■ **PROVIDED DATA**
◆ ◆ ◆ ◆

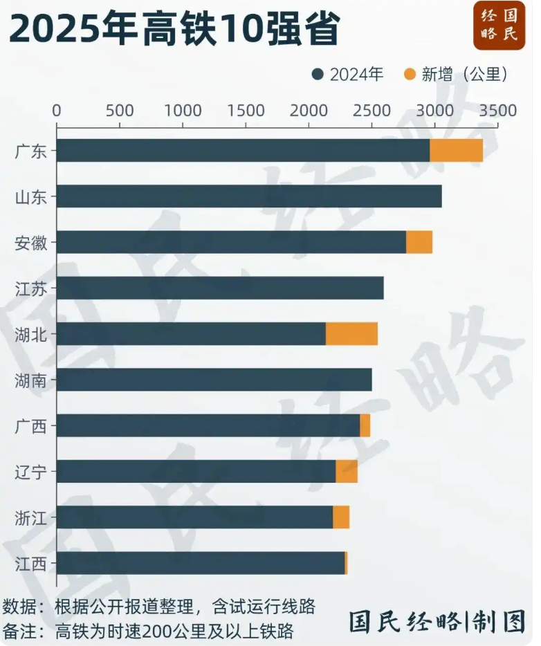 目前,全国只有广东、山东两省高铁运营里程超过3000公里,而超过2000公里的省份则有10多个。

◆ ◆ ◆ ◆

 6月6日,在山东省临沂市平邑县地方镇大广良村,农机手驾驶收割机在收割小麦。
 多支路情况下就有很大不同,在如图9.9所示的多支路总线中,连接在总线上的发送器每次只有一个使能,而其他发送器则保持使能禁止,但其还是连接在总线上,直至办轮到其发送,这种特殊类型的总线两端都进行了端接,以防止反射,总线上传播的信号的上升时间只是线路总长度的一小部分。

◆ ◆ ◆ ◆

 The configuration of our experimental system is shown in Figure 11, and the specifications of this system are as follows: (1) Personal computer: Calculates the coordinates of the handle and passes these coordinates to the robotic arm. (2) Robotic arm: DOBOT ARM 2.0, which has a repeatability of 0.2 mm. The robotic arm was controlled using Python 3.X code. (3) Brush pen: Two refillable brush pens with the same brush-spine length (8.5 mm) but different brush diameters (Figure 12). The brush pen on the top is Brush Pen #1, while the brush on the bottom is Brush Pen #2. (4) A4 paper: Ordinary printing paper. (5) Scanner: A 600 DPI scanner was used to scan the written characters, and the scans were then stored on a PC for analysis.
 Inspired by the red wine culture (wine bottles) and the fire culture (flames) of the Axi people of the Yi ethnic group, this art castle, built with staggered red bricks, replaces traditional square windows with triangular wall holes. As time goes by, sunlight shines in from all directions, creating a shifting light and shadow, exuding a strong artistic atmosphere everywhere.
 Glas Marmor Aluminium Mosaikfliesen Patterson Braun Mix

◆ ◆ ◆ ◆

■ **HOW TO COMPLETE THIS TASK**
In the material, count each line that holds the string "with", and report only how many there are.

■ **RESPONSE BELOW**
2